Start of ENTRIES PROVIDED

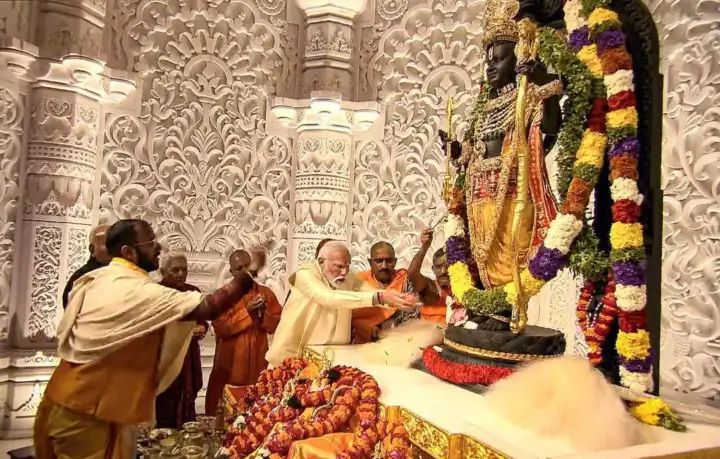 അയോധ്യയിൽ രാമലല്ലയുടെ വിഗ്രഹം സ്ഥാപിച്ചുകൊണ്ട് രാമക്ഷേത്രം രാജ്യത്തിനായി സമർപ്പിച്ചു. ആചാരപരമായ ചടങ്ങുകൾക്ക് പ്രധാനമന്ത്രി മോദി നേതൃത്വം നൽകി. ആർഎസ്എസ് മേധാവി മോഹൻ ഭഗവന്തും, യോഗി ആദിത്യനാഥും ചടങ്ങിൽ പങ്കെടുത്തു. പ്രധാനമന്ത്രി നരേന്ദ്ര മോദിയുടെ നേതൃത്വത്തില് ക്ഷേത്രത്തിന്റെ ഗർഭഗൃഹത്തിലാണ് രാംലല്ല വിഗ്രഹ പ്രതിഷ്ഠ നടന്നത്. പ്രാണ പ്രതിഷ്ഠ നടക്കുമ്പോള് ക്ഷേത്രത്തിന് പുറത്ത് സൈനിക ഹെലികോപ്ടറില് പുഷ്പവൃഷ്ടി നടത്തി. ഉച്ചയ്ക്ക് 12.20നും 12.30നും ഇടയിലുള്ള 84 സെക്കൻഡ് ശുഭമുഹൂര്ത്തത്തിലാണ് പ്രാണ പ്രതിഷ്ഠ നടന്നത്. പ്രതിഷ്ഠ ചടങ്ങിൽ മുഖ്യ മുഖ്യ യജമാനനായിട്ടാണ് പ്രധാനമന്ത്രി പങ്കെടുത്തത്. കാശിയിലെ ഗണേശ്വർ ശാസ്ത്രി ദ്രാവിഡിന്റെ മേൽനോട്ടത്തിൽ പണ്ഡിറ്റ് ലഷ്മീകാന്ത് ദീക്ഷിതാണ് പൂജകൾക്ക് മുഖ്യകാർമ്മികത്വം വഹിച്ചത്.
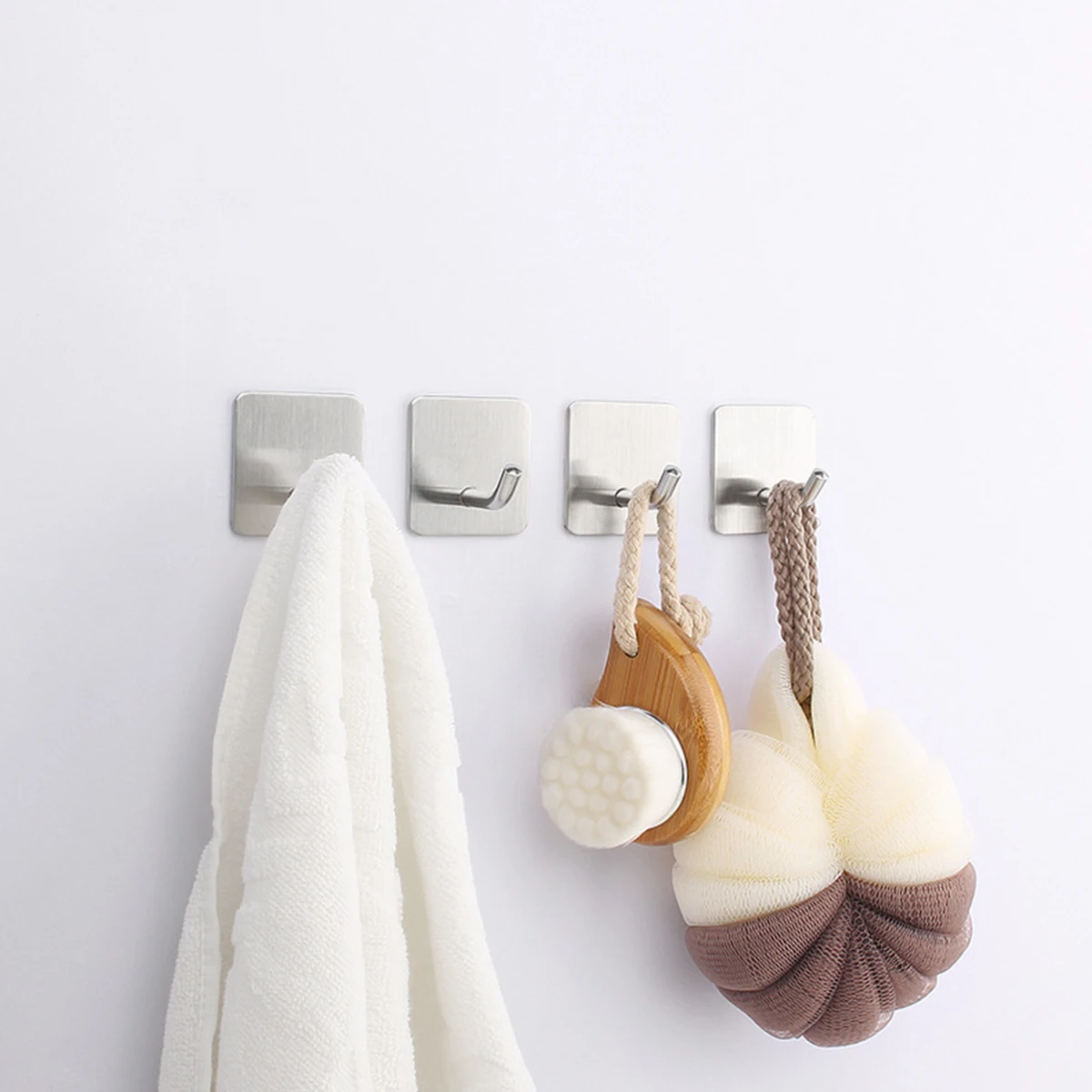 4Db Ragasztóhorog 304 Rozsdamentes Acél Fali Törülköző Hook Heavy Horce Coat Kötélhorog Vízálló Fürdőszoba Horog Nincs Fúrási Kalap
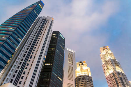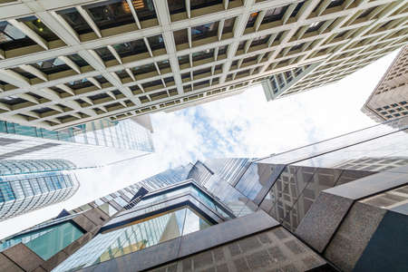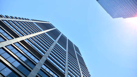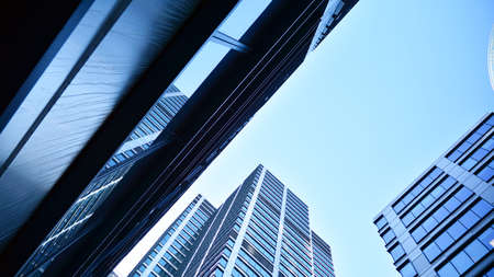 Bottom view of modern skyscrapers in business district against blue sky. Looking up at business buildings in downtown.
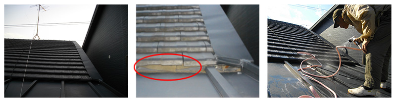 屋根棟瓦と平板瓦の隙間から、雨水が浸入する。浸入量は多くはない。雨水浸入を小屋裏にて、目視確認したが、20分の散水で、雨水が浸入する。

End of ENTRIES PROVIDED
Start of ENTRIES PROVIDED

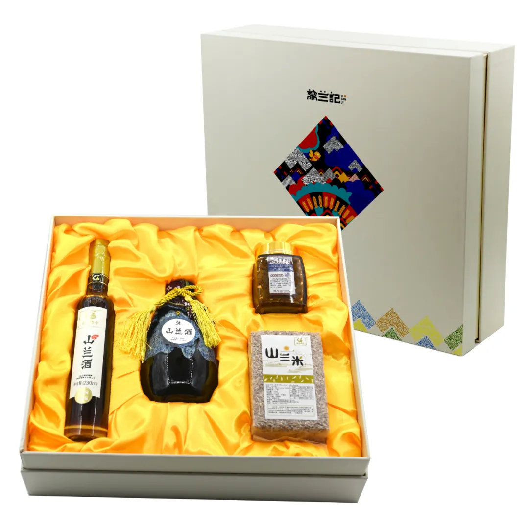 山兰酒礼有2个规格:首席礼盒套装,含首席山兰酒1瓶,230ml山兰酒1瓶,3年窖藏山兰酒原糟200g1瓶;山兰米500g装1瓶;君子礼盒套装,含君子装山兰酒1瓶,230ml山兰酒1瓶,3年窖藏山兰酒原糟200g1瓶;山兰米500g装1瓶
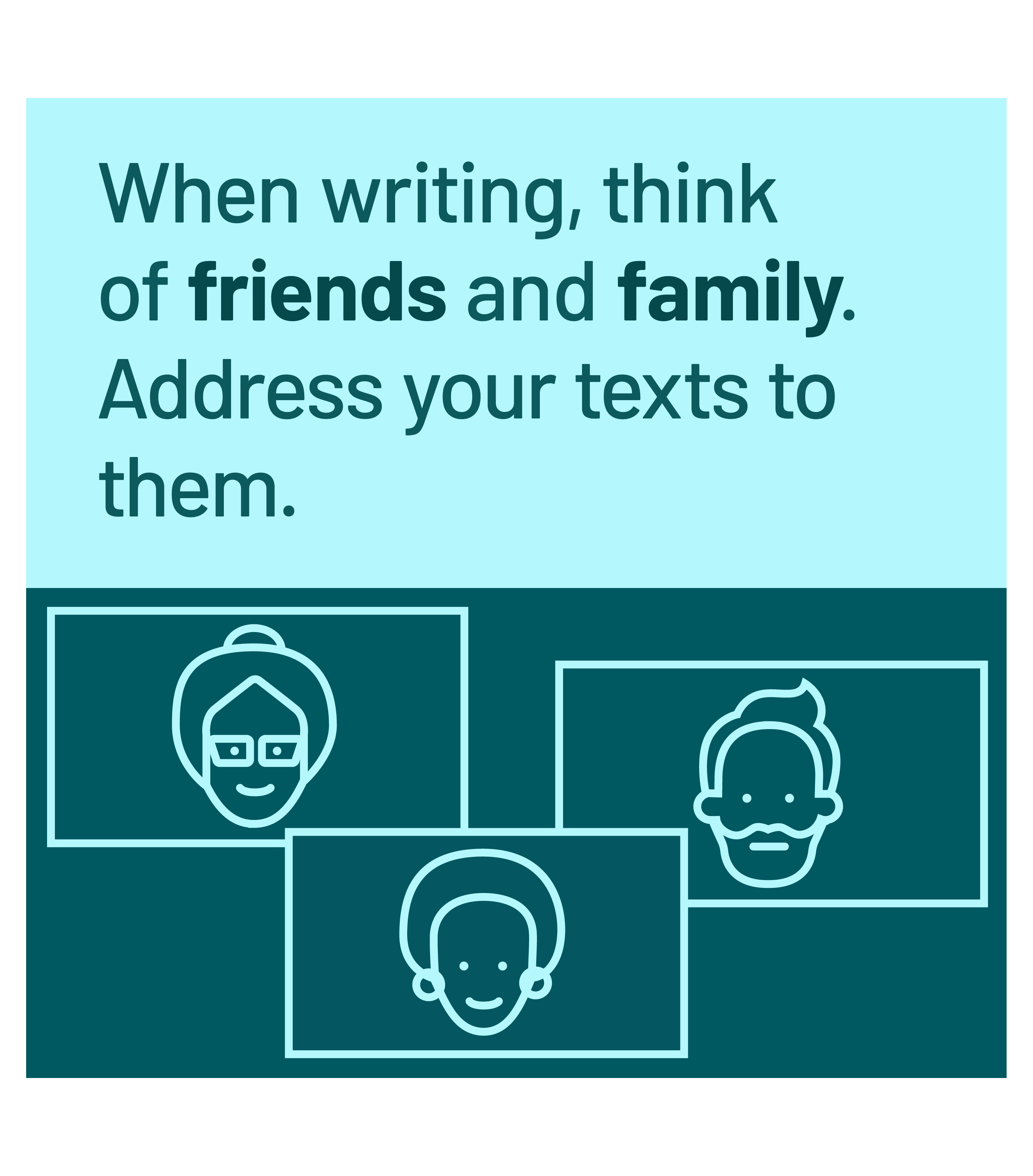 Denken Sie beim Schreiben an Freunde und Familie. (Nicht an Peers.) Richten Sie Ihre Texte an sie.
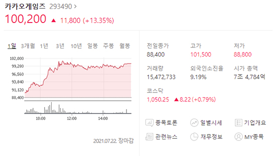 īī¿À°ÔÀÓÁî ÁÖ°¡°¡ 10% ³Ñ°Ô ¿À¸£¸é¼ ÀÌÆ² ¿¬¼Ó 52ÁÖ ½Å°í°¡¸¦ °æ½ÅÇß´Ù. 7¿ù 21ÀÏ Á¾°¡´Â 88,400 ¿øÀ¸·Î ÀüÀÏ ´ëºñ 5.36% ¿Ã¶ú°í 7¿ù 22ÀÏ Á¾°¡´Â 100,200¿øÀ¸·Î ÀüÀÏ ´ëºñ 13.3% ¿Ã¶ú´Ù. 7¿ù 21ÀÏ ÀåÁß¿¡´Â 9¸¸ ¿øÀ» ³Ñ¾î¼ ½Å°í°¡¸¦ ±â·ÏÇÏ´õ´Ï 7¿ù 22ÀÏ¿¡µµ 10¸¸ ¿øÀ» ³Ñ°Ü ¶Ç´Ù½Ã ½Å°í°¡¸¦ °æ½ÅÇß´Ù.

End of ENTRIES PROVIDED

**TASK DIRECTIONS**: From the records above, extract the lines from the one holding "4Db Ragasztóhorog 304" through the one holding "屋根棟瓦と平板瓦の隙間から、", word for word; omit the pictures.

**EXERCISE RESULT**:
 4Db Ragasztóhorog 304 Rozsdamentes Acél Fali Törülköző Hook Heavy Horce Coat Kötélhorog Vízálló Fürdőszoba Horog Nincs Fúrási Kalap
 Bottom view of modern skyscrapers in business district against blue sky. Looking up at business buildings in downtown.
 屋根棟瓦と平板瓦の隙間から、雨水が浸入する。浸入量は多くはない。雨水浸入を小屋裏にて、目視確認したが、20分の散水で、雨水が浸入する。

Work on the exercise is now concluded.